NCAA tournament

College World Series
- Champions: Arizona State (1st title)
- Runners-up: Ohio State (2nd CWS Appearance)
- Winning coach: Bobby Winkles (1st title)
- MOP: Sal Bando (Arizona State)

Seasons
- ← 19641966 →

= 1965 NCAA University Division baseball season =

Baseball season

The 1965 NCAA University Division baseball season, play of college baseball in the United States organized by the National Collegiate Athletic Association (NCAA) began in the spring of 1965. The season progressed through the regular season and concluded with the 1965 College World Series. The College World Series, held for the nineteenth time in 1965, consisted of one team from each of eight geographical districts and was held in Omaha, Nebraska at Johnny Rosenblatt Stadium as a double-elimination tournament. Arizona State claimed the championship.

==Conference winners==
This is a partial list of conference champions from the 1965 season. Each of the eight geographical districts chose, by various methods, the team that would represent them in the NCAA tournament. 10 teams earned automatic bids by winning their conference championship while 13 teams earned at-large selections.
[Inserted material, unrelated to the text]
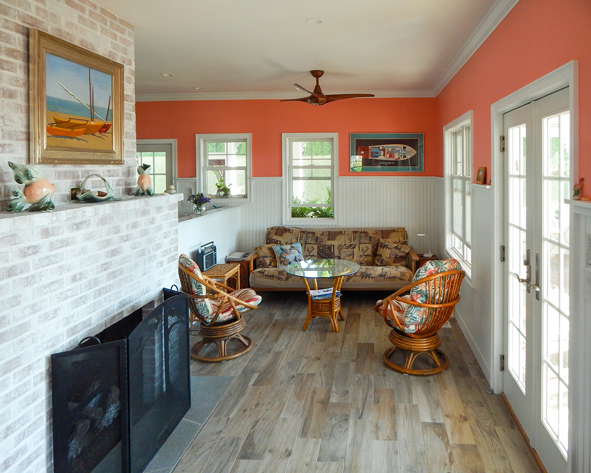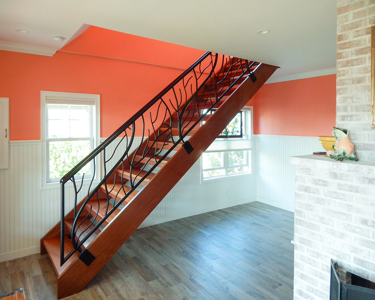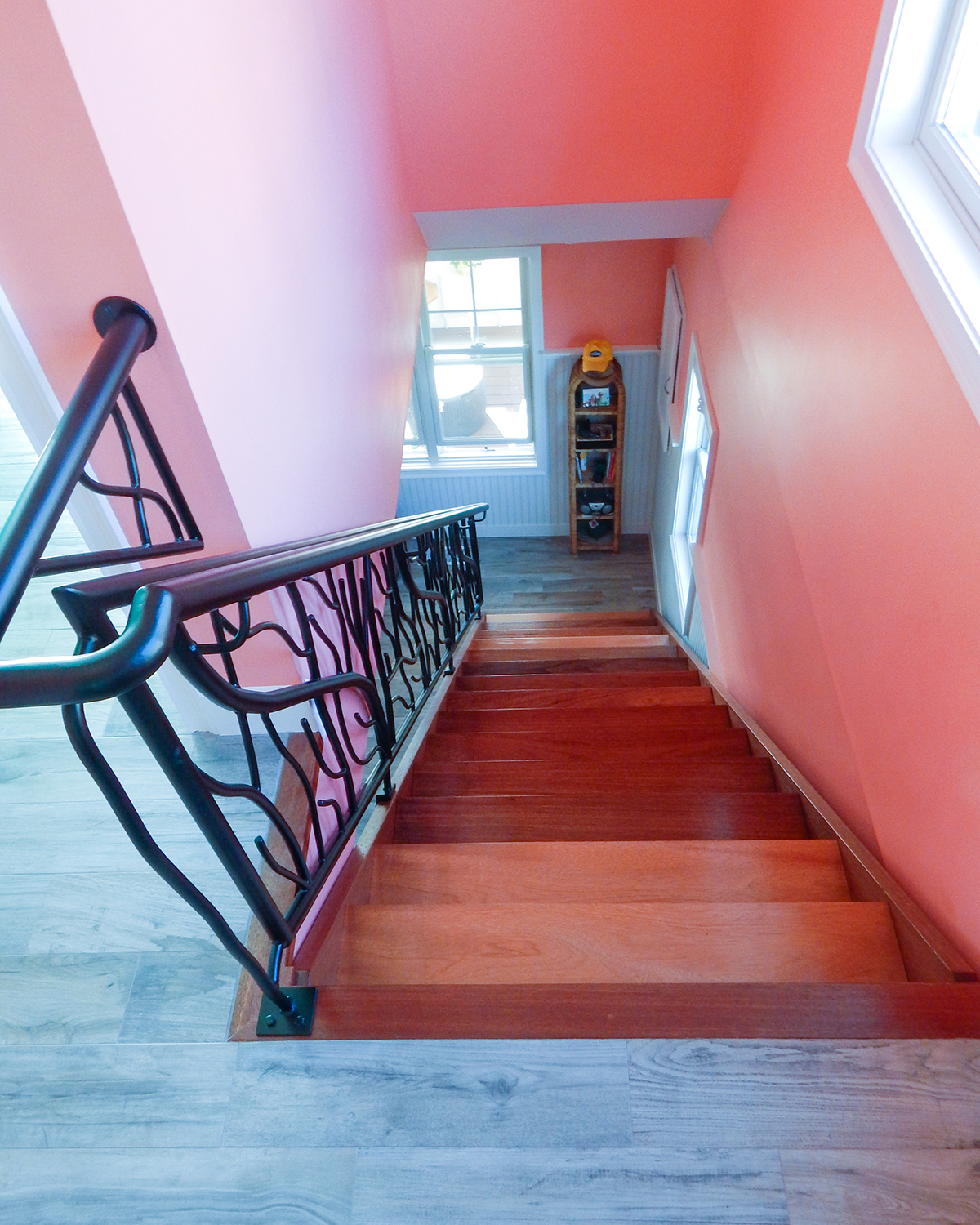 Complete interior and exterior remodel, reframed & improved support of first floor joist and deck within crawl space, added a complete second floor addition, and built and installed custom mahogany open staircase.
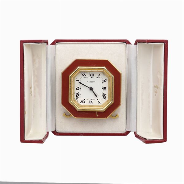 Decò line, golden brass and red-orange lacquer, ref. 7507-04894, white dial with roman numbers, defects, mechanical movement with manual winding.

| Conference | Regular season winner | Conference Tournament | Tournament City | Tournament Winner |
|---|---|---|---|---|
| Athletic Association of Western Universities | Washington State | No Conference Tournament |  |  |
| Atlantic Coast Conference | Maryland | No Conference Tournament |  |  |
| Big Eight Conference | Missouri | No Conference Tournament |  |  |
| Big Ten Conference | Ohio State | No Conference Tournament |  |  |
| CIBA | Stanford | No Conference Tournament |  |  |
| EIBL | Army | No Conference Tournament |  |  |
| Mid-American Conference | Ohio | No Conference Tournament |  |  |
| Southeastern Conference | Mississippi State | No Conference Tournament |  |  |
| Southern Conference | Furman | No Conference Tournament |  |  |
| Southwest Conference | Texas | No Conference Tournament |  |  |
| Western Athletic Conference | Arizona State | 1965 Western Athletic Conference Baseball Championship Series | Phoenix, Arizona | Arizona State |
| Yankee Conference | Connecticut/Vermont | 1965 Yankee Conference baseball playoff |  | Connecticut |

==Conference standings==
The following is an incomplete list of conference standings:

==College World Series==

The 1965 season marked the nineteenth NCAA baseball tournament, which culminated with the eight team College World Series. The College World Series was held in Omaha, Nebraska. The eight teams played a double-elimination format, with Arizona State claiming their first championship with a 2–1 win over Ohio State in the final.